Christian Huitema noted that it might be difficult for the receiver of a
stream of test packets to have accurate knowledge of how many packets
were sent if all the most recent of them have been dropped. He sees this
as one weakness of the technique of using a Poisson process to define
such streams. Guy noted that one way to solve this problem would be to
have the sender and receiver both know the complete schedule of times at
which the packets would be sent. This can be done, for example, by both
knowing the seed of the pseudo-random number generator used to define
the Poisson process.

5. Recent work on TReno and Bulk Transfer Capacity: Matt Mathis
[slides included in proceedings]

A new draft of the Empirical Bulk Transfer Capacity Internet Draft was
issued recently. The key improvements are on how to use it to measure
end-to-end performance.

The draft has benefited from some research work done by Matt with
Jeffrey Semke, Jamshid Mahdavi, and Teunis Ott, which resulted in a
current Computer Communication Review paper on macroscopic TCP performance
behavior. More information can be found on the CCR paper at:
http://www.psc.edu/networking/papers

In recent work, Matt has noticed that flow performance over wide-area
high-speed and usually low-packet-loss networks can often be degraded
by the apparent loss of an entire window every so often. It has been
suggested that they may be related to route churn.

6. Multimedia over Internet: Performance in the absence of QoS: Raj Bansal
[slides included in proceedings]

Bansal and his colleagues at Nokia are concerned with the performance of
telephony over IP and similar real-time services on the Internet.

He noted that preconceived ideas of delay, formed by experience with
conventional telephony, may not be either right or sufficient for Internet.
Also, delay and packet-loss are not independent for real-time applications.
They may be able to be traded off against the other.

He reviewed a graph of the tail of a distribution of delay vs packet loss,
and noted that in real-time applications, after a point it is no longer worth
waiting for a delayed packet.

Non-traditional trade-offs may make sense. The entire delay distribution,
rather than a simple summary statistic such as the median, may be a more
useful thing to look at. In discussion, Christian Huitema discussed similar
tradeoffs. One must often look at the time-sequence of packet loss events
rather than at simple percentages. The possibilities of packet loss for
successive packets are not independent events.

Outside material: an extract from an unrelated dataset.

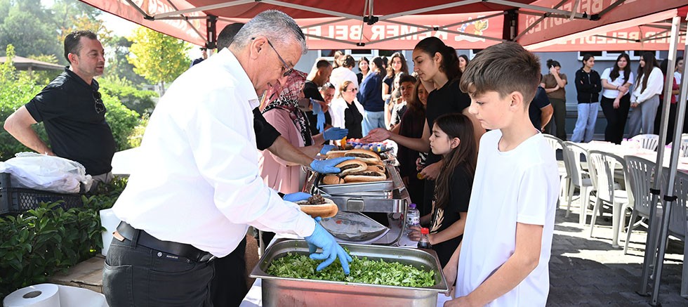 Öğrenci ve velilerle tek tek selamlaşarak sohbet eden Başkan Topaloğlu, mangalın başına geçerek öğrencilere kendi elleriyle köfte pişirdi. Başkan Topaloğlu ve beraberindekiler daha sonra öğrencilere köfte ekmek dağıttı.

7. Experience with Tests of Connectivity: Martin Horneffer
[slides included in proceedings]

Martin presented a talk on his implementation for loss/RTT metrics (using
UDP echo-packets) and of his experiences with large-scale loss/RTT
measurements. The measurements were from Europe to about 1000 hosts in
the Internet via two different providers.

The work is interesting for several reasons. First, it includes the
first implementation of the Connectivity metric. Second, it does not
rely on cooperation from remote hosts other than support for ICMP
and UDP Echo. The program, JPING, is implemented is Java, with
effective use of tcpdump and a perl script to analyze the results.